通常のインデックス型のETFの場合であれば、指数が上昇した場合にはETFの価格も同じ割合で上昇することが予想されます。
一方でレバレッジ3倍のTMFの場合は、指数の3倍の割合で価格が上昇することを目指すため、TMFからはレバレッジ型でないETFと比較してより大きな価格上昇が期待されるのです。
価格がより大きく上昇することで、ETFを売却した際に得られる利益(キャピタルゲイン)がその分大きくなります。
破綻リスクが低い
TMFは米国の超長期国債を対象としたETFとなっていますが、国債は一般的に金融資産の中でトップクラスにリスクが低いとされています。
その理由としては、国債の発行体が国であるからです。
通常、株式などの有価証券の発行体が破綻した場合、その有価証券の価格が大きく下落したり、換金できなくなってしまう場合があります。
しかし、国が破綻するリスクは一般企業と比較してはるかに低いとされているため、一般企業が発行する株式や債券に比べて、国債は上記のリスクがとても低いと考えられます。
デフレ時に価格が上昇する
株式の価格(株価)は、インフレ時に上昇し、デフレ時に下落します。
ところが債券の価格は、インフレ時に下落し、デフレ時に上昇します。
この理由としては、市場金利の動きが関係しています。以下がその仕組みを説明したものになります。

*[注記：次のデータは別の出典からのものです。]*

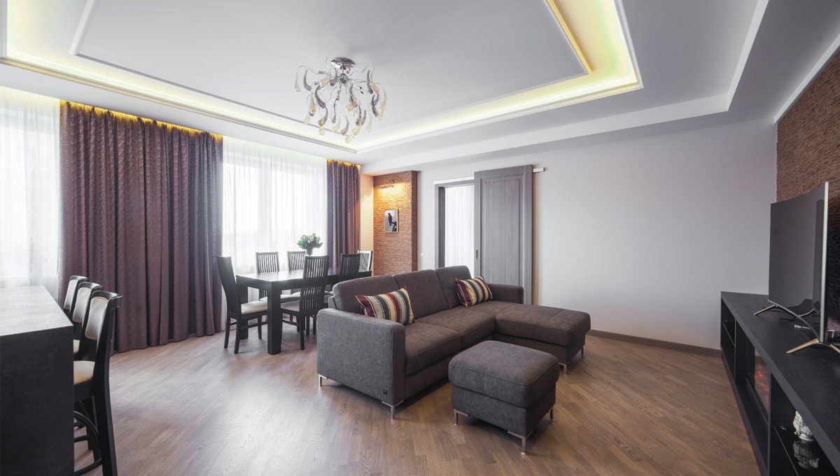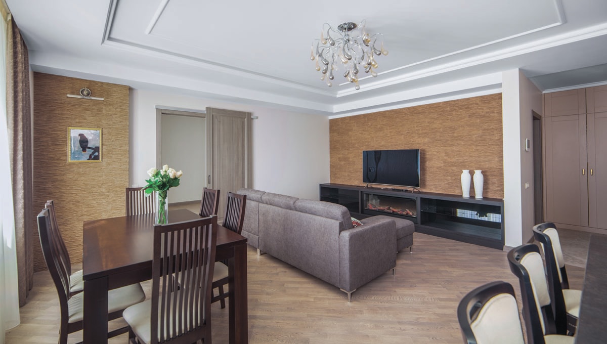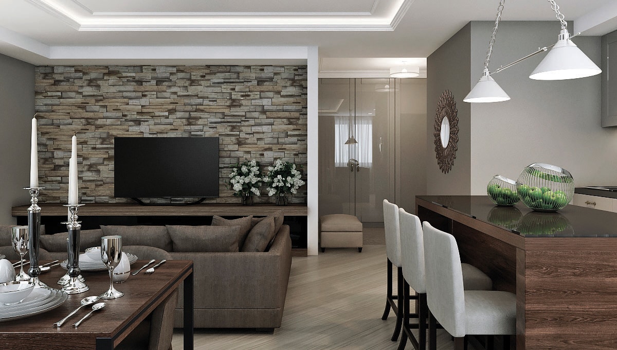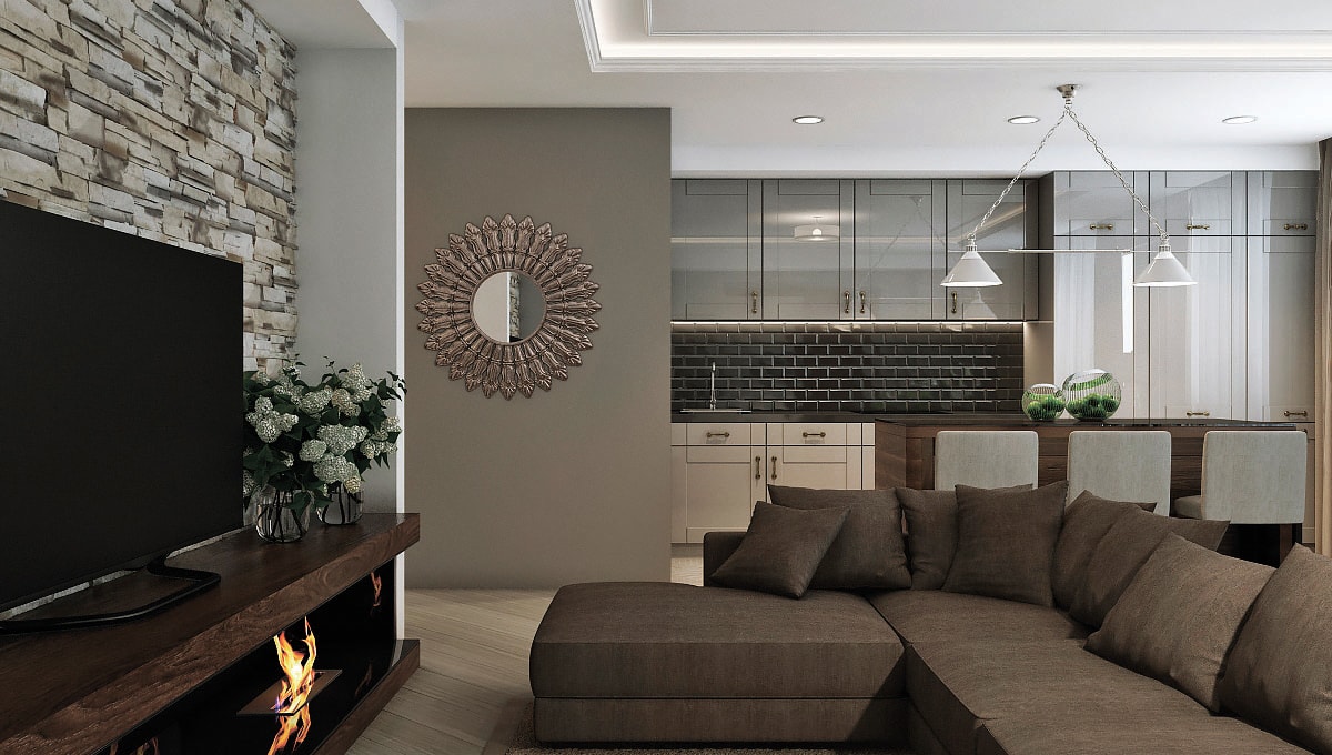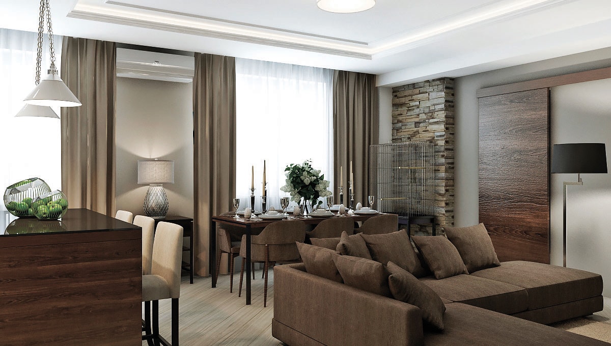 Просторная квартира для семейной пары от компании «Ателит». Интерьер выдержан в эклектичном стиле, преобладают кофейные тона. Этот цвет имеет большой потенциал как с дизайнерской, так и с психологической точки зрения. Он символизирует надежность, преданность, стабильность. Он также оказывает положительное воздействие на человека, например, во время стрессовых ситуаций способен усиливать успокаивающий эффект, а во время болезни даже облегчает физическую боль. Кстати, коричневый – это цвет земли, который к тому же символизирует безопасность и семейный очаг.

インフレ時 | 景気が上昇を迎える→過度に上昇した景気を抑制しようとする→お金の動きを抑制するために金利を引き上げる(金融引き締め)→新たに発行される債券の方が利回りが高くなるため、現在保有している債券の価格が下落する |
デフレ時 | 景気が下落を迎える→過度に下落した景気を活発化させようとする→お金の動きを促進するために金利を引き下げる(金融緩和)→新たに発行される債券の方が利回りが低くなるため、現在保有している債券の価格が上昇する |
このため、仮に米国株と同時に米国債を保有していた場合、米国のデフレ時に保有する米国株の価格が下落したときに米国債の価格は上昇するため、資産の減りを小さくすることが出来ます。
TMFのデメリット
配当利回りが低い
先述した通り、2024年8月8日時点でのTMFの分配金利回りは3.16%となっており、これは他の海外ETFと比較して低い水準となります。
以下で、他の海外ETFの分配金利回りの例を紹介しておきます(2024年8月8日時点)(Bloombergで算出された数値を使用しています)。
ETF | 分配金利回り |
QYLD | 12.96% |
PFF | 6.12% |
SPYD | 4.61% |
BND | 3.65% |
JEPI | 6.28% |
HDV | 3.30% |
VTI | 1.49% |
VIG | 1.97% |
QQQ | 0.70% |
このように、TMFは他の海外ETFと比較して分配金利回りが低く、特にQYLDとは分配金利回りに約9%も差があります。
分配金利回りが特に高い海外ETFについて詳しく知りたい方は以下の記事をどうぞ!
経費率が高い
ETFを保有する場合、保有している期間に経費(手数料)を支払う必要があります。
Bloombergによると、2024年8月8日時点でのTMFの経費率は価格の1.04 %となっており、これは他の海外ETFと比較して高い水準にあると言えます。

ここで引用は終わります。